二人部屋で、ベッドが二つ、勉強机が二つ、それぞれのスペースは白いカーテンで仕切れるようになっている。窓からは学園の中庭が見え、噴水と色とりどりの花壇が美しい。
「荷物、ここに置いて……」
私は持ってきた鞄を自分のベッドの上に置いた。荷物は最小限だ。服と、いくつかの魔導書と、そして――
「ニャア」
鞄の中から、黒い影が飛び出した。
「ランス! もう出てきていいの?」
「ああ。周囲に人の気配はない。それに、使い魔を連れてくるのは学園でも許可されてるだろ?」
黒猫の使い魔、ランスが優雅に伸びをした。
「それにしても、本当に潜入するとはな。お前、演技とか得意じゃないだろ?」
「う、うるさいわね。やるしかないのよ」
「16歳の少女、か。お前が16歳だった頃って、どんなんだっけ?」
「……魔導書を読んで、魔法陣を描いて、師匠の研究を手伝ってた」
「全然変わってねえじゃねえか」
「そうなのよ! だから演技も何も……普通にしてればいいはずなんだけど……」
その時、部屋のドアが勢いよく開いた。
「やっほー! 新しいルームメイトちゃーん!」
ドアから飛び込んできたのは、明るい茶色の髪をツインテールにした、小柄な女の子だった。大きな瞳がキラキラと輝いていて、まるで小動物のような可愛らしさだ。
「あ、あの……」
「私、リリア・ローズウッド! あなたのルームメイトだよ! よろしくね!」
彼女は私の手を掴んで、ぶんぶんと振った。
「え、あ、ネイサ・フィルメントです。よろしくお願いします……」
「ネイサちゃんだね! 可愛い名前! ねえねえ、どこから来たの? 魔法は得意? 好きな食べ物は? 推しはいる?」
「お、推し……?」
また知らない単語が出てきた。
「推しだよ、推し! 好きな人! 憧れの人! 応援してる人!」
「あ、ああ……それなら、師匠……じゃなくて、前の学校の先生が尊敬できる人でした」
「へー、先生が推しなんだ。渋いね! 私は断然、第三王子アーガム様推しなんだけど!」
アーガム。
その名前に、私の耳がピクリと動いた。
「第三王子……アーガム殿下ですか?」
「そうそう! もう、超カッコいいんだよ! 赤い髪に翡翠色の瞳! 身長190センチ超えの筋肉美男子! 性格も豪快で優しくて! 完璧じゃない?」
リリアは目を輝かせて語る。
「でも、学園ではあんまり目立たないようにしてるんだよね。生徒会長のオルビス殿下の方が有名だし。でも私は断然アーガム様派!」
「そ、そうなんですか……」
護衛対象の情報を得られるのは有難い。でも、このテンションについていけるだろうか。
「ねえねえ、ネイサちゃんは魔導SNSやってる?」
「魔導SNS……?」
「え! やってないの!? 今時、魔導SNSやってない魔法使いなんているんだ!」
リリアは驚愕の表情を浮かべた。
「魔導SNSって、魔法陣を使ったコミュニケーションツールだよ! みんな自分の魔法を投稿したり、学園のイベント情報をチェックしたり! 超便利なんだよ!」
「あ、ああ……私、前の学校では……そういうのは……」
「田舎の学校だったの? 大丈夫! 今から教えてあげるから!」
リリアはそう言って、自分のベッドから小さな魔導具を取り出した。水晶玉のような形をしていて、触れると青白く光る。

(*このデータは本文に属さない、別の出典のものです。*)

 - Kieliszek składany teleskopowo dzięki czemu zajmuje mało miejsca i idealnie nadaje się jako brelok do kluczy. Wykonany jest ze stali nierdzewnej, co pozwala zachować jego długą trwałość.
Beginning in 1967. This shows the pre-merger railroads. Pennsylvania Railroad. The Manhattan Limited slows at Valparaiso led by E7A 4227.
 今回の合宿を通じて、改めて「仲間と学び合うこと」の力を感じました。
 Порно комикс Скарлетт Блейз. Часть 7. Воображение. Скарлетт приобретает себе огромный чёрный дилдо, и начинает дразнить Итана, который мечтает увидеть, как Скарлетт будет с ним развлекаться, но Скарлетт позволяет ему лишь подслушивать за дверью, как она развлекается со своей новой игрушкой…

「これが魔導端末! ここに魔力を込めると、魔導SNSにアクセスできるの! ほら!」
リリアが魔力を込めると、水晶の表面に文字や画像が浮かび上がった。まるで……そう、前世の記憶にある「スマートフォン」のようだ。
いや、待って。前世? 私に前世なんてないけど。何を考えているんだ。
「見て見て! これが今日の学園のトレンド! 『入学式』『新入生』『第三王子様激写』とか!」
「げ、激写……」
「そうそう! アーガム様、今日も学園に来てるんだよ! 入学式に出席されるんだって! 会えるかな、会えるかな!」
リリアは興奮して飛び跳ねている。
私は頭が痛くなってきた。
16歳の女の子って、こんなにハイテンションなのだろうか。私が16歳の頃は、もっと落ち着いて……いや、魔導書しか読んでなかったから比較対象にならないか。

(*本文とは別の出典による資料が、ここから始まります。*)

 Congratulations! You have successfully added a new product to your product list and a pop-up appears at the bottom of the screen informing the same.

「ねえ、ネイサちゃんも魔導端末、買おうよ! 一緒に買いに行こう!」
「え、でも……」
「いいからいいから! 友達になったんだし!」
友達。
その言葉に、少しだけ心が温かくなった。
任務とはいえ、こうして普通の学生生活を送るのも……悪くないかもしれない。
「……分かりました。お願いします、リリアさん」
「リリアでいいよ! 敬語も使わなくていいから! 私たち、同い年でしょ?」
「あ……うん。じゃあ、リリア」
「そうそう、その調子! じゃあ、入学式の前に、学園を案内してあげる! ついてきて!」
リリアは私の手を引いて、部屋を飛び出した。
ランスは呆れたように首を傾げて、それから私の後を追ってきた。